KernelTuner · maric-a-b · Apr 2, 2025 · May 8, 2025 · May 8, 2025 · Aug 13, 2025
diff --git a/.gitignore b/.gitignore
@@ -25,6 +25,7 @@ deploy_key
 temp_*.*
 .python-version
 .nox
+.venv
 
 ### Visual Studio Code ###
 !.vscode/settings.json
@@ -37,4 +38,4 @@ temp_*.*
 .LSOverride
 
 .vscode
-.idea
+.idea
diff --git a/kernel_tuner/__init__.py b/kernel_tuner/__init__.py
@@ -1,5 +1,5 @@
 from kernel_tuner.integration import store_results, create_device_targets
-from kernel_tuner.interface import tune_kernel, run_kernel
+from kernel_tuner.interface import tune_kernel, tune_cache, run_kernel
 
 from importlib.metadata import version
 

diff --git a/kernel_tuner/core.py b/kernel_tuner/core.py
@@ -480,11 +480,14 @@ def benchmark(self, func, gpu_args, instance, verbose, objective, skip_nvml_sett
                     print(
                         f"skipping config {util.get_instance_string(instance.params)} reason: too many resources requested for launch"
                     )
-                result[objective] = util.RuntimeFailedConfig()

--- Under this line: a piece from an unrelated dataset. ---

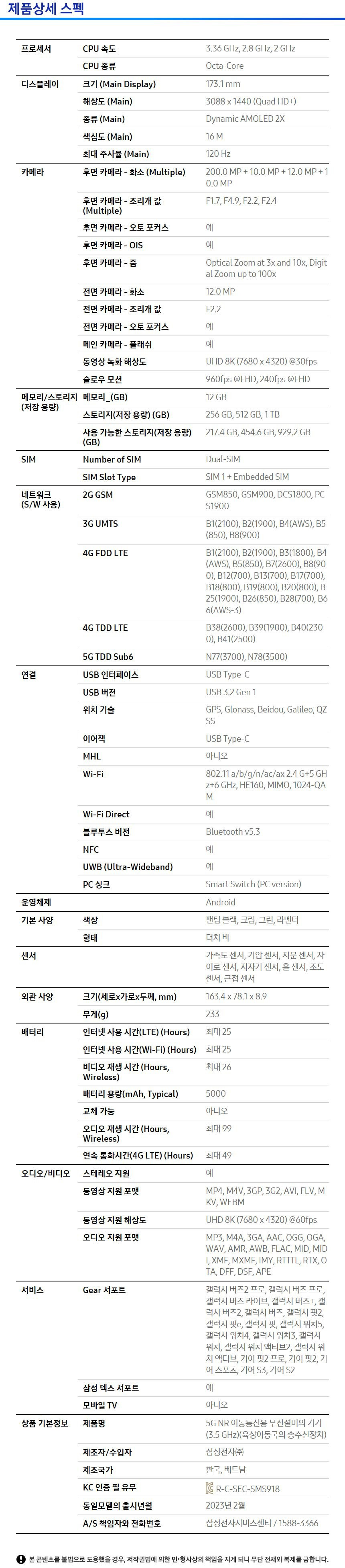 삼성전자 갤럭시 S23Ultra 자급제, 팬텀블랙, 512GB

+                result['__error__'] = util.RuntimeFailedConfig()
             else:
                 logging.debug("benchmark encountered runtime failure: " + str(e))

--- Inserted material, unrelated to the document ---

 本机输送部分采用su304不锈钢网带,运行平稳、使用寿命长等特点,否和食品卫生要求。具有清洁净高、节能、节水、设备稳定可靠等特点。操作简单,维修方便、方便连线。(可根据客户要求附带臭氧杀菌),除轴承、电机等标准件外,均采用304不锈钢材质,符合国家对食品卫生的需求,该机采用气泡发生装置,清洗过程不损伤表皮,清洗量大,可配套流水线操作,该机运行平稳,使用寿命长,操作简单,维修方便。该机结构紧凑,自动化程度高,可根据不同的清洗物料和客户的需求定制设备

                 print("Error while benchmarking:", instance.name)
                 raise e
+
+        assert util.check_result_type(result), "The error in a result MUST be an actual error."
+
         return result
 
     def check_kernel_output(
@@ -571,7 +574,7 @@ def compile_and_benchmark(self, kernel_source, gpu_args, params, kernel_options,
 
         instance = self.create_kernel_instance(kernel_source, kernel_options, params, verbose)
         if isinstance(instance, util.ErrorConfig):
-            result[to.objective] = util.InvalidConfig()

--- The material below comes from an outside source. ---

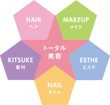 本校ではヘア・まつ毛エクステンション・メイク・ネイル・エステ・着付の美容スキルを学ぶことができ、幅広く活躍できる美容師を目指せます。

+            result['__error__'] = util.InvalidConfig()
         else:
             # Preprocess the argument list. This is required to deal with `MixedPrecisionArray`s
             gpu_args = _preprocess_gpu_arguments(gpu_args, params)
@@ -581,7 +584,7 @@ def compile_and_benchmark(self, kernel_source, gpu_args, params, kernel_options,
                 start_compilation = time.perf_counter()
                 func = self.compile_kernel(instance, verbose)
                 if not func:
-                    result[to.objective] = util.CompilationFailedConfig()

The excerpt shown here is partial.